Monday, May 17, 2010

The Mind's Three Phases

The totality of the mind is vast and complicated. However, it is helpful to look at the entirety of the mind in three basic phases: the instinctive, the intellectual and the intuitive. The instinctive mind is easy to become aware of and experience. It includes the impulses of our physical body, our cravings, our desires, our digestive system, and our emotional mechanism that works through the physical body. The systems of elimination and blood circulation and the regulation of the heartbeat are all within the instinctive mind. This phase of mind functions automatically, or instinctively. It is as much alive in the animal kingdom as among humans.

Man alone develops the intellectual mind and is responsible for its composition as he lives along through life. This phase is a mixture of man's instinctive desires and cravings coupled with the knowledge he has gained from others and from his own intuitive discoveries. Within man's intellect, he organizes a vast amount of knowledge that begins to accumulate from a very early age. Ninety percent of this knowledge deals with the externality of the world and mind itself. The intellect can consume most of man's time through an incarnation, and usually does, lifetime after lifetime.

The intuitive, or superconscious, phase is even more complex, more organized, more refined than the instinctive or intellectual phases. It is mystically known as the mind of light, for when one is in this state of mind, he may see light within his head, and sometimes throughout the entirety of his physical body, if his inner sight is developed enough. Otherwise, he just begins to feel good all over, as actinic energy permeates his nervous system. When intuitive flashes come, he knows the next thing to be done in a creative activity. This is the superconscious area of the mind. When man is extremely perceptive, tremendously creative and knowledge seems to come to him from the inside of himself spontaneously, he is a superconscious being.
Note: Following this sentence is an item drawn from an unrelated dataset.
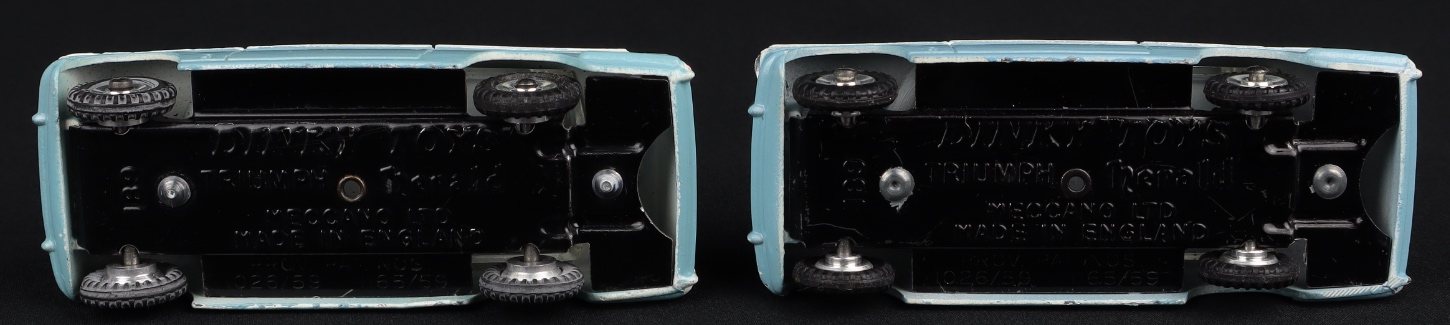 Old shop stock find. 2 boxed examples remain in this original Trade Dinky Carton (as they would have been sent to the shop back in the day). Very close to immaculate Triumph Herald models in a pale blue and white finish with a bright baseplate. Complete and intact with suspension on shiny shaped spun wheels. A popular Dinky car issued during 1959-64.

Instinctive is a word that some may understand and others take offense at. Don't. It only means "natural or innate," naming the drives and impulses that order the animal world and the physical and lower astral aspects of humans. For example, self-preservation, procreation, hunger and thirst, as well as the emotions of greed, hatred, anger, fear, lust and jealousy, are all instinctive forces. They are very real in animals and humans alike. When the mind functions instinctively, it is controlled by the habit impressions made in the subconscious during its journey through the experiences of life. Instinctive also means that the driving force comes from the sexual nature. The nature is turned in that direction subconsciously, even though the conscious mind may not be cognizant of the fact. It also means that in the event of an emergency, the animal nature would take over completely, being jarred loose from lack of what I term "mind-control," or from what might be called self-control.